In order to improve the performance for your use case, I would try to improve the quality on your domain

Let me shed some light on the data I'm working with. The challenge is to match user questions to already existing, publicly available FAQ questions.

For that, you would need some large scale dataset from which you can infer if two sentences are similar or not.

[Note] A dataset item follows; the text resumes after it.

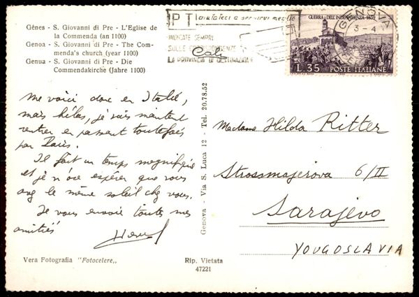 Cartolina affrancata con 35 lire Guerra Indipendenza (868) da Genova per Sarajevo

I was afraid that this would be necessary, simply because I feel that I won't find such data. But I'm not completly sure which type of dataset you are thinking of. Do you mean a big number (> 10k?) of German-German sentence pairs from my domain, each labelled with a similarity score? Is it enough to have a discrete similarity measure (similar/dissimilar)?

edit

I think I have to correct what I said about the supposedly German STS dataset. I think it is actually just a paraphrase dataset, meaning that each of the sentence pairs is considered "similar", but not to which degree. I assume that this makes it unusable as training data for a sentence transformer, right?

nreimers commented 4 years ago

Regarding your edit: You could use triplet loss for that with a random negative example.

Yes, you can of course only train on German data. But I am not sure if STS data would be that helpful for your task.

Often, the STS data only covers rather generic sentences, e.g., "A man play with a ball". They seldom have really specific sentences in it. A sentence embedding model on this data can of course not learn how these more specific terms are related to each other. It has never seen them during training.

But these specific terms are often quite important for finding similar sentences. Having domain specific labeled data would be needed to learn the relations for these specific terms. Sadly I cannot say how much data you would need, but I think 1000+ pairs would be needed.

Similar / Dissimilar as labels would be sufficient, with that, you could train the model.